Once more without a map we tried to find a tourist office but failed. It later turned out that they had moved to somewhere outside town. The rain kept getting heavier and we couldn't even see Volcán Villarrica.

Our original plan had been to catch a bus out to the Termas Palguin but I didn't much like the idea of camping in the rain and we were having difficulty finding a bus.

We had lunch in a reasonably cheap restaurant but must have walked past several even cheaper fixed lunches. The tourist menu in English was good though, such bizarre items as alligator (avocado) featured due to some overly literal translation.

We found a nice cheap place to stay, Hospedaje Lucia. We got a very nicely fitted out shed in the garden all to ourselves, complete with kitchen and bathroom. The low price was probably due to it being out of season.

We spent the rest of the afternoon sorting out tours and trips, a mountain biking trip and a tour to one of the hot springs. We also booked our bus to Santiago, a semi-cama (business class) eleven-hour journey for USD20.

In our wanderings we met Lee again and went for a coffee (still a strong German influence in this area) and arranged to meet on Friday in Santiago.

Went back to our shed for tea and talked with the landlady about things to do, she was incredibly helpful.

Wednesday 5 April 2000

We were collected from Lucia's at 0900 by the man from the bike-hire shop in a mysterious jeep-like vehicle. It seemed to have something terribly wrong with the gearbox, as our trip was accompanied by an interesting selection of unpleasant grinding noises.

We drove east out of town and up into the Villarrica national park, where we were dropped off near a ranger station with our bikes. The idea was to cycle uphill a bit and walk to a glacier but it soon became obvious that the bikes were in less than superb condition and Dugly's was fast approaching a complete failure of the gears.

We chained the bikes to one of the many monkey-puzzle trees and walked instead through a beautiful forest of autumnal deciduous and monkey-puzzle trees. Both trees and ground were steaming gently as the morning sun broke through the canopy overhead.

The glacier was uninspiring, covered in ash from the volcano, which was steaming well. It seems that Pucon could be wiped out at any time should Villarrica blow.

We ate our lunch and then returned to the bikes. After a very short distance the screw attaching Dugly's gear mechanism to the frame disappeared and he stopped rather suddenly.

After some modifications involving bits of string we managed to get his bike to be able to freewheel and set off to find the nearest phone. My bike was in a better condition, but not much, with a razorblade saddle and brakes that didn't seem to have all that much effect.

After several terrifying descents where I had no control over my speed we got to the hotel at Termas Palguin but their satellite phone couldn't call the bike shop owner's mobile phone. The German-speaking owner suggested using the payphone at Saltos El Leon, further downhill.

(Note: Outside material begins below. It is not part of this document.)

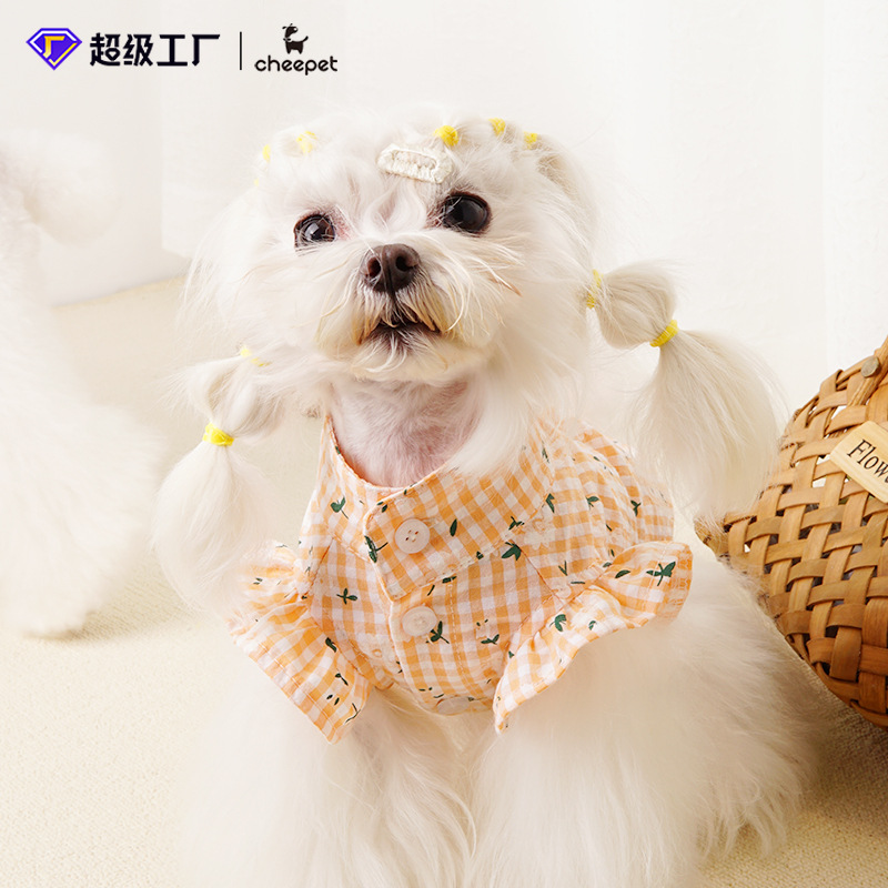 작은 개 옷 여름 얇은 꽃 셔츠 일본과 한국 고양이 캐주얼 레이스 셔츠 애완 동물 의류 액세서리 도매

Just as we arrived there so did the payphone maintenance man, who offered to take one of us and a bike back into Pucon. Dugly wanted to cycle back, so I got a lift.

All was well until we got to some roadworks and had to swerve suddenly as a car came towards us on our side of the road. We hit one of the small rocks used instead of cones and destroyed the front right tyre and wheel.

After changing the tyre we set off again and I dropped the bike off, in the end we only paid for one of them. I met Dugly back at the house and we went into town for beer, coffee and ice cream.

Thursday 6 April 2000

Got up and went into town trying to find transport out to a hot springs (much needed after the cycling). This wasn't easy as there weren't many people wanting to go out there and many agencies had minimum numbers for these trips.

Eventually we booked with Trancura, the biggest company in town, and left in the guide's car at 1130 for Termas Los Pozones. After a while in the thermal pools chatting to an English/Australian couple we went back into town for lunch.

This was where I first tried churrasco, basically a minute steak sandwich. After lunch we walked down to the lake and back to the Café Suiza for a coffee and ice cream.

Had an hour lounging on the beach and an hour on the Internet before walking to the bus terminal slightly outside town.